What is the guarantee that A(T a) will be called instead of the variadic template constructor, and why?

Answer 1

The section in the standard you're looking for is §14.8.2.4

If A was transformed from a function parameter pack and P is not a parameter pack, type deduction fails. Otherwise, using the resulting types P and A, the deduction is then done as described in 14.8.2.5. If P is a function parameter pack, the type A of each remaining parameter type of the argument template is compared with the type P of the declarator-id of the function parameter pack. Each comparison deduces template arguments for subsequent positions in the template parameter packs expanded by the function parameter pack.
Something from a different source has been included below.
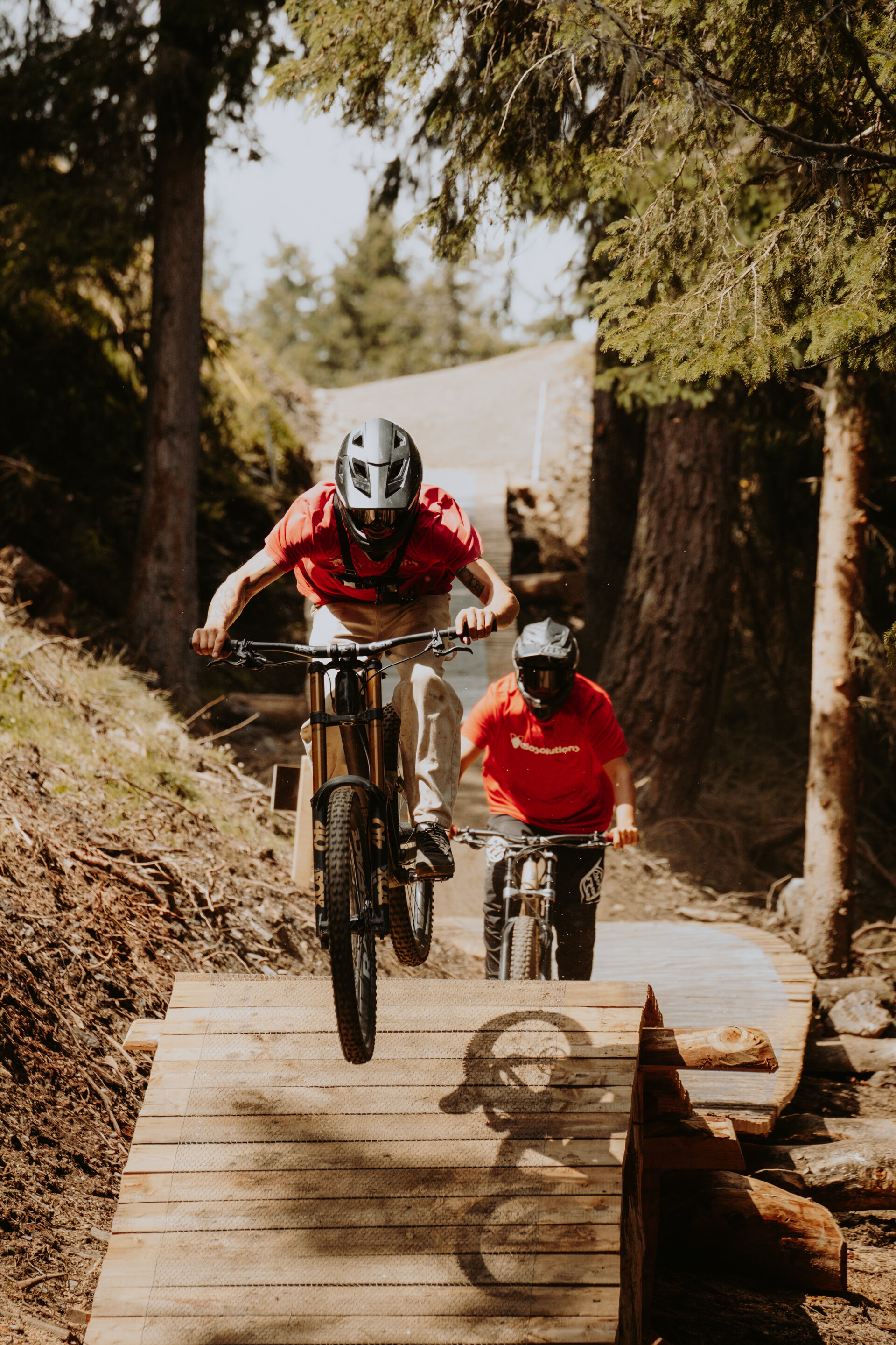 Lo Spitzhorn Trail è diviso in tre sezioni: la prima parte, che si stacca dal Gassl Trail, è una sequenza di curve flow molto scorrevoli, la sezione centrale presenta salti e features in un'area aperta e con grande visibilità fino al panoramico Wallride. L'ultimo tratto attraversa il bosco, alternando terreno naturale e varie passerelle in legno che alla fine riconducono al trail già esistente.

If deduction succeeds for a given type, the type from the argument template is considered to be at least as specialized as the type from the parameter template.

[ Example:

template<class... Args> void f(Args... args); // #1
template<class T1, class... Args> void f(T1 a1, Args... args); // #2
template<class T1, class T2> void f(T1 a1, T2 a2); // #3
f(); // calls #1
f(1, 2, 3); // calls #2
f(1, 2); // calls #3; non-variadic template #3 is more
// specialized than the variadic templates #1 and #2

— end example ]

Answer 2

The same reason f(const int&) is a better match than f(const T&) when T can be deduced as int: A(int) is a non-template function and A(int, Ts...) with Ts... deduced as the empty list is a function template specialization.